The key objective of a prediction model in the prefetching problem space is to identify what the subsequent requests a user may need, given a specific page request. This allows a server or client to pre-fetch the next set of pages and attempt to ensure they are in a user’s cache before they directly navigate to the page. The idea is to reduce overall loading time. When this is implemented with care, this technique can reduce page access times and latency, improving the overall user experience.
Markov models have been widely used for researching and understanding stochastic (random probability distribution) process [Ref, Ref] . They have been demonstrated to be well-suited for modeling and predicting a user’s browsing behavior. The input for these problems tends to be the sequence of web pages accessed by a user or set of users (site-wide) with the goal of building Markov models we can use to model and predict the pages a user will most likely access next. A Markov process has states representing accessed pages and edges representing transition probabilities between states which are computed from a given sequence in an analytics log. A trained Markov model can be used to predict the next state given a set of k previous states.
In some applications, first-order Markov models aren’t as accurate in predicting user browsing behaviors as these do not always look into the past to make a distinction between different patterns that have been observed. This is one reason higher-order models are often used. These higher-order models have limitations with state-space complexity, less broad coverage and sometimes reduced prediction accuracy.
One way [Ref] to overcome this problem is to train varying order Markov models, which we then use during the prediction phase. This was attempted in the All-Kth-Order Markov model proposed in this Ref. This can make state-space complexity worse, however. Another approach is to identify frequent access patterns (longest repeating subsequences) and use this set of sequences for predictions. Although this approach can have an order of magnitude reduction on state-space complexity, it can reduce prediction accuracy.
Selective Markov models (SMM) which only store some states within the model have also been proposed as a solution to state-space complexity tradeoffs. They begin with a All-Kth-Order Markov Model - a post-pruning approach is then used to prune states that are not expected to be accurate predictors. The result of this is a model which has the same prediction power of All-Kth-Order models with less space complexity and higher prediction accuracy. In Deshpane and Karpis, different criteria to prune states in the model before prediction (frequency, confidence, error) are looked at.

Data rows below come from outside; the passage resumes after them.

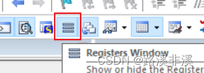 该窗口可在"View->Registers Window"处打开,也可以在工具栏打开。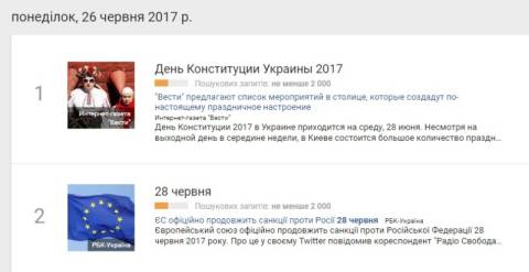 Окрім цього найбільше зацікавила українців новина про День Конституції 2017 в Україні, що припадає на 28 червня. День Конституції офіційно вихідний вже двадцять років.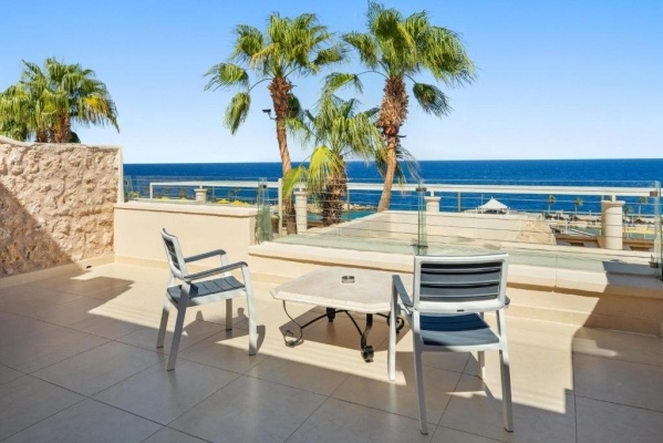 SZOBÁK: ASTANDARD szobák tengerre néző kilátással (DZM) kb. 57 m2 területüek, tussolóval vagy káddal, WC-vel, hajszárítóval, minibár, széf. ADELUXE ( DXM 70 m2 területüek) szobák tágas méretévelés lenyűgöző tengerre néző kilátásával ez a szoba garantáltan emlékezetes tartózkodást biztosít.CSALÁDI szobák max 2 felnőttés 2 gyereknekfoglalható.Családi szoba tengerre néző kilátással ( FZM 60 m²): Tágas, családok számára tervezett menedék, amely a kényelmetés a funkcionalitástötvözi, panorámás kilátással a tengerre, külön hálórésszelésátgondolt kényelemmel a megbecsült emlékek megőrzéséhez. FoglalhatóExecutive Swim Up Room– Tengerre néző medencekapcsolatos szoba is (DUS) 57 m2területüek. elegáns szoba saját terasszalés medencekapcsolattal, modern dizájnnal, exkluzív felszereltséggel.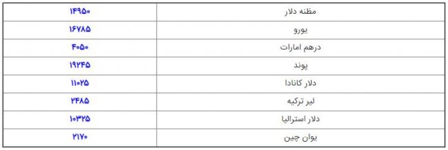 اما قیمت ارز مبادلهای؛ براساس اعلام بانک مرکزی نرخ هر دلار آمریکا برای امروز (دوشنبه ۲۳ اردیبهشت ماه) بدون تغییر نسبت به روز گذشته ۴۲ هزار ریال قیمت خورد. همچنین هر پوند انگلیس با کاهش قیمت نسبت به روز گذشته امروز ۵۴ هزار و ۶۴۸ ریال و هر یورو نیز ۴۷ هزار و ۱۷۱ ریال ارزشگذاری شد.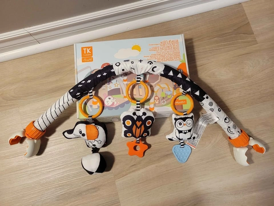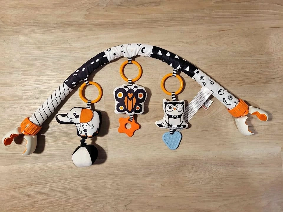 High-contrast (black/white) sensory arch (mobile) for strollers, car seats, or bouncers. Includes: 3 hanging toys with rattles and teethers. Condition: Like new, in original box. Brand: Tumama. Pickup: Orléans, K1C.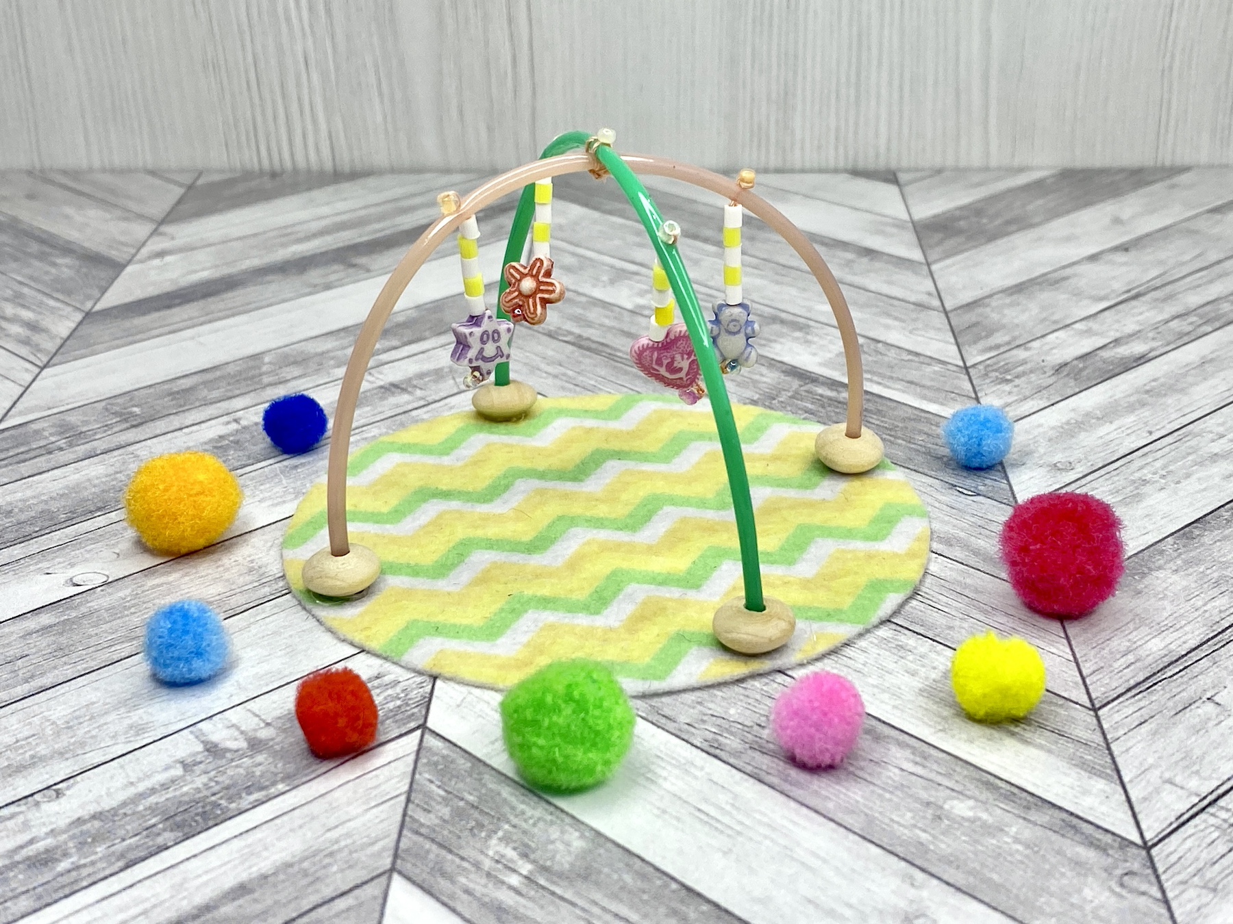 Ręcznie wykonany miniaturowy baby gym / centrum aktywności, idealny do pokoju dziecięcego w domku dla lalek, miniaturowego pokoju dziecięcego, a także dla miniaturowych lalek niemowlaków takich jak bobas Barbie, bobas Skipper, bobas Steffi, dzidziuś Happy Family, Krissy, Zuru My Mini Baby i wszelkich innych miniaturowych lalek dzidziusiów w podobnych rozmiarach.

In Mabroukeh and Ezeife, the performance of semantic-rich 1st and 2nd order Markov models was studied and compared with that of higher-order SMM and semantic-pruned SMM. They discovered that semantic-pruned SMM have a 16% smaller size than frequency-pruned SMM and provide nearly an equal accuracy.
Observing navigation patterns can allow us to analyze user behavior. This approach requires access to user-session identification, clustering sessions into similar clusters and developing a model for prediction using current and earlier access patterns. Much of the previous work in this field has relied on clustering schemes like the K-means clustering technique with Euclidean distance for improving confidence of predictions. One of the drawbacks to using K-means is difficulty deciding on the number of clusters, selecting the initial random center and the order of page visits is not always considered. Kumar et al investigated this, proposing a hierarchical clustering technique with a modified Levenshtein distance, pagerank using access time length, frequency and higher order Markov models for prediction.
Many of the papers referenced in the following section are centered around the Markov model, association rules and clustering. Papers highlighting relevant work related to pattern discovery for evolving page prediction accuracy are our focus.
Uses first-order Markov models to model the sequence of web-pages requested by a user for predicting the next page they are likely to access. Markov chains allow the system to dynamically model URL access patterns observed in navigation logs based on previous state. A “personalized” Markov model is trained for each user and used to predict a user’s future sessions. In practice, it’s overly expensive to construct a unique model for each user and the cost of scaling this becomes more challenging when a site has a large user-base.
First paper to investigate Hidden Markov Models (HMM). Author collected web server logs, pruned the data and patched the paths users passed by. Based on HMM, author constructed a specific model for web browsing that predicts whether the users have the intention to purchase in real-time. Related measures, like speeding up the operation and their impact when in a purchasing mode are investigated.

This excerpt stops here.